Idle time turned out to be nearly free. The heartbeat cycle fires periodically, but when the agent is truly idle, between heartbeats, no tokens are consumed. The state machine sits in its idle state, the process sleeps, and the cost is effectively the compute to keep a Node.js process alive. Even when using state-of-the-art models for the active reasoning phases, the cost structure is dominated by task execution. An agent can run continuously on a Raspberry Pi for weeks, and the operational cost is measured in the work it actually does. This matters because it means long-running autonomous agents are economically viable even for personal use.
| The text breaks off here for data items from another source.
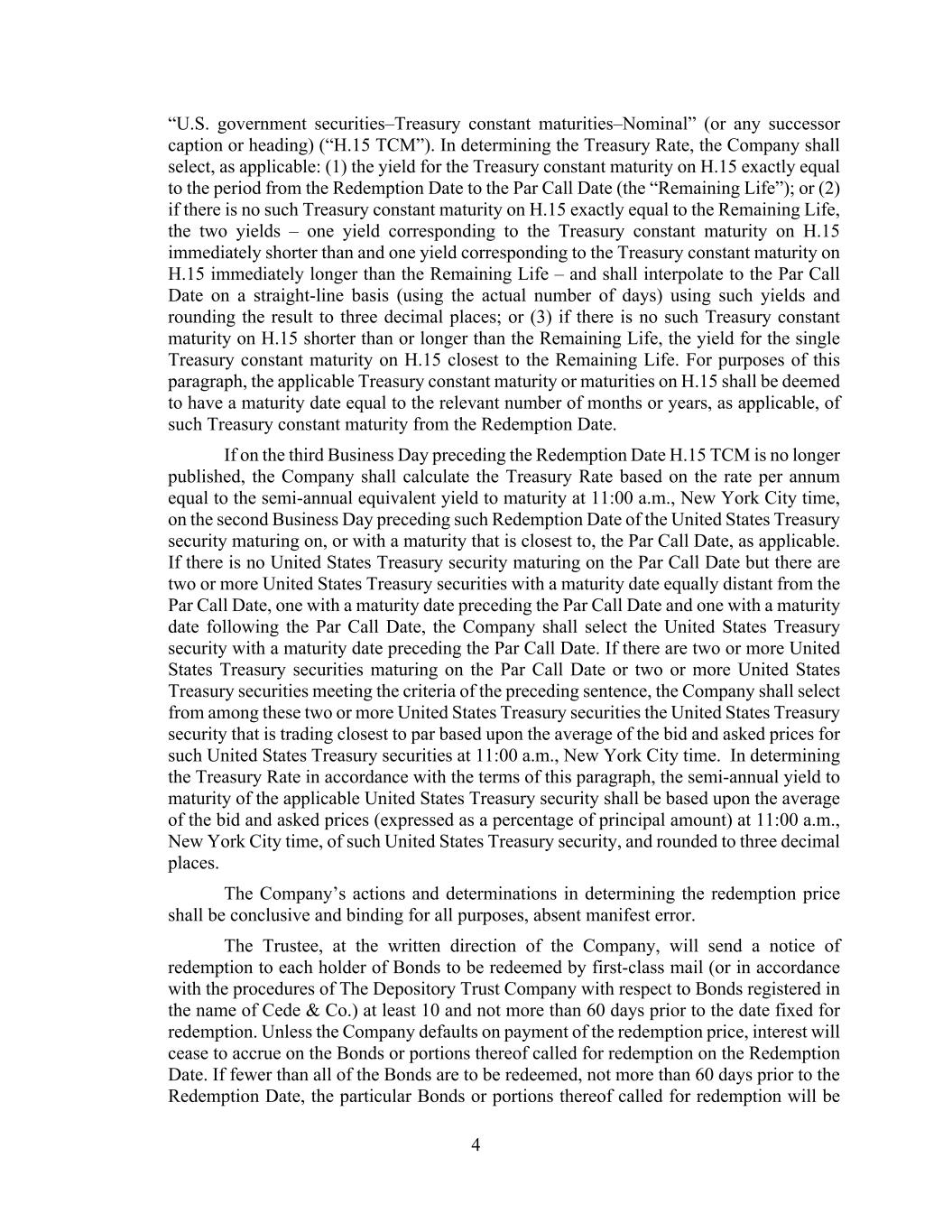 4 “U.S. government securities–Treasury constant maturities–Nominal” (or any successor caption or heading) (“H.15 TCM”). In determining the Treasury Rate, the Company shall select, as applicable: (1) the yield for the Treasury constant maturity on H.15 exactly equal to the period from the Redemption Date to the Par Call Date (the “Remaining Life”); or (2) if there is no such Treasury constant maturity on H.15 exactly equal to the Remaining Life, the two yields – one yield corresponding to the Treasury constant maturity on H.15 immediately shorter than and one yield corresponding to the Treasury constant maturity on H.15 immediately longer than the Remaining Life – and shall interpolate to the Par Call Date on a straight-line basis (using the actual number of days) using such yields and rounding the result to three decimal places; or (3) if there is no such Treasury constant maturity on H.15 shorter than or longer than the Remaining Life, the yield for the single Treasury constant maturity on H.15 closest to the Remaining Life. For purposes of this paragraph, the applicable Treasury constant maturity or maturities on H.15 shall be deemed to have a maturity date equal to the relevant number of months or years, as applicable, of such Treasury constant maturity from the Redemption Date. If on the third Business Day preceding the Redemption Date H.15 TCM is no longer published, the Company shall calculate the Treasury Rate based on the rate per annum equal to the semi-annual equivalent yield to maturity at 11:00 a.m., New York City time, on the second Business Day preceding such Redemption Date of the United States Treasury security maturing on, or with a maturity that is closest to, the Par Call Date, as applicable. If there is no United States Treasury security maturing on the Par Call Date but there are two or more United States Treasury securities with a maturity date equally distant from the Par Call Date, one with a maturity date preceding the Par Call Date and one with a maturity date following the Par Call Date, the Company shall select the United States Treasury security with a maturity date preceding the Par Call Date. If there are two or more United States Treasury securities maturing on the Par Call Date or two or more United States Treasury securities meeting the criteria of the preceding sentence, the Company shall select from among these two or more United States Treasury securities the United States Treasury security that is trading closest to par based upon the average of the bid and asked prices for such United States Treasury securities at 11:00 a.m., New York City time. In determining the Treasury Rate in accordance with the terms of this paragraph, the semi-annual yield to maturity of the applicable United States Treasury security shall be based upon the average of the bid and asked prices (expressed as a percentage of principal amount) at 11:00 a.m., New York City time, of such United States Treasury security, and rounded to three decimal places. The Company’s actions and determinations in determining the redemption price shall be conclusive and binding for all purposes, absent manifest error. The Trustee, at the written direction of the Company, will send a notice of redemption to each holder of Bonds to be redeemed by first-class mail (or in accordance with the procedures of The Depository Trust Company with respect to Bonds registered in the name of Cede & Co.) at least 10 and not more than 60 days prior to the date fixed for redemption. Unless the Company defaults on payment of the redemption price, interest will cease to accrue on the Bonds or portions thereof called for redemption on the Redemption Date. If fewer than all of the Bonds are to be redeemed, not more than 60 days prior to the Redemption Date, the particular Bonds or portions thereof called for redemption will be
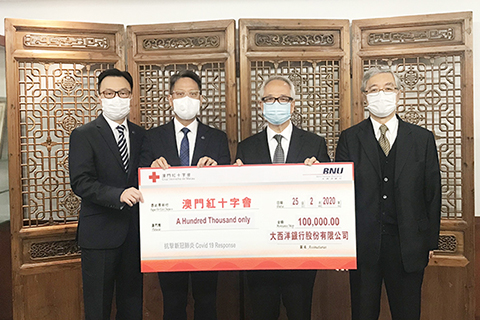 【特訊】為表示對本澳社群的持續關注及支援,而履行其企業社會責任,大西洋銀行向澳門紅十字會捐贈了十萬澳門元,以應對目前新型冠狀病毒肺炎的疫情工作。
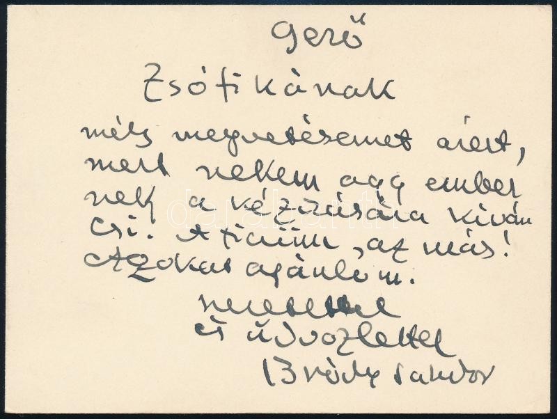 Bródy Sándor (1863-1924) író, újságíró autográf sorai kártyáján. Gerő ... https://www.darabanth.com/hu/34-Nagyaukcio/34.1/Mutargy-papirregiseg-egyeb/Alairas~14658/Brody-Sandor-1863-1924-iro-ujsagiro-autograf-sorai-kartyajan-Gero-Zsofianak-1895~II2172495

The agent became noticeably more efficient over time without any code changes. This was a side effect of three systems interacting: the trust system rewarding completion, the memory system retaining successful approaches, and the token budgeting system forcing conciseness. An agent that has seen a type of task before remembers how it solved it. An agent that is penalized for wasting turns learns to plan before acting. An agent that operates under a strict context budget learns to keep its reasoning focused. None of these efficiencies were programmed as rules. They emerged from the constraints.
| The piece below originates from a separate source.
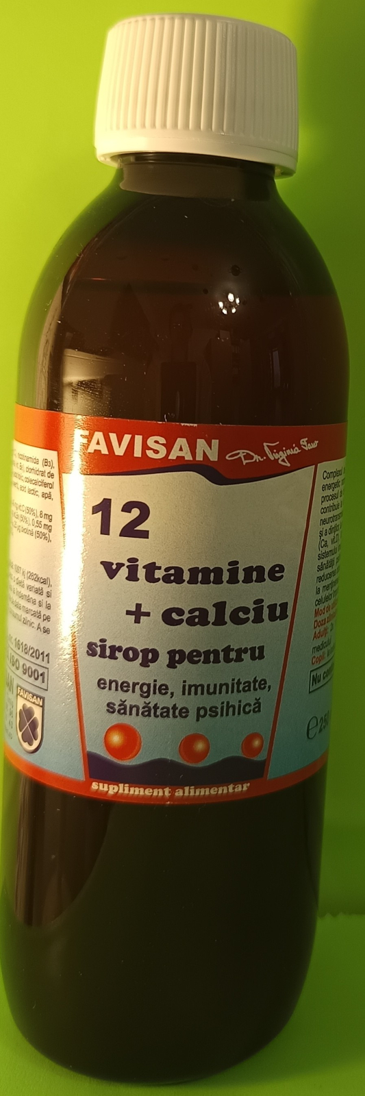 Sirop 12 Vitamine si Calciu, 250 ml produs natural compus din 12 vitamine si Calciu recomandat ca adjuvant in hipovitaminoze si in stari fiziologice in care absorbtia calciului este insuficienta. Siropul contribuie la metabolismul energetic normal, la procesul de diviziune celulara, functionarea normala a enzimelor digestive, mentine sanatatea sistemului osos si a dintilor, mentine functia normala a sistemului muscular, protejeaza celulele impotriva stresului oxidativ.

The self-healing behavior was more robust than anticipated. In Host Mode, when a managed process crashed and could not be restarted after exhausting its retry policy, the agent created a task for itself to diagnose the failure. In practice, this meant the agent would read log files, check system resources, look for port conflicts, and sometimes identify the root cause without human intervention. In one instance, it detected that a service had failed because a dependency had been updated, downgraded the dependency, and restarted the service. The entire recovery happened between heartbeats, and the user only learned about it from the agent's status report.
Task contracts changed how failures look in production. Before contract enforcement, a hard task could spiral into too many turns, tool calls, or context drift. With explicit per-task limits on scope, budget, and escalation, failures became bounded and diagnosable. The agent either finished inside the contract or surfaced a precise reason for escalation. The result was less hidden thrashing and more predictable autonomy.
Memory-coupled intent turned out to be a practical antidote to stale automation. Weak signals stayed dormant until reinforced, strong signals were promoted into real tasks, and every promoted task remained linked to the originating memory. When that memory decayed, the task cancelled itself and informed the user. It prevented both over-eager automation and zombie reminders that outlived their relevance.
Host Mode safety uses selective denial. The runtime allows broad operation and only intercepts catastrophic patterns through integrity guardrails. This preserves the agent's ability to act like a real system operator while still protecting critical surfaces from irreversible mistakes.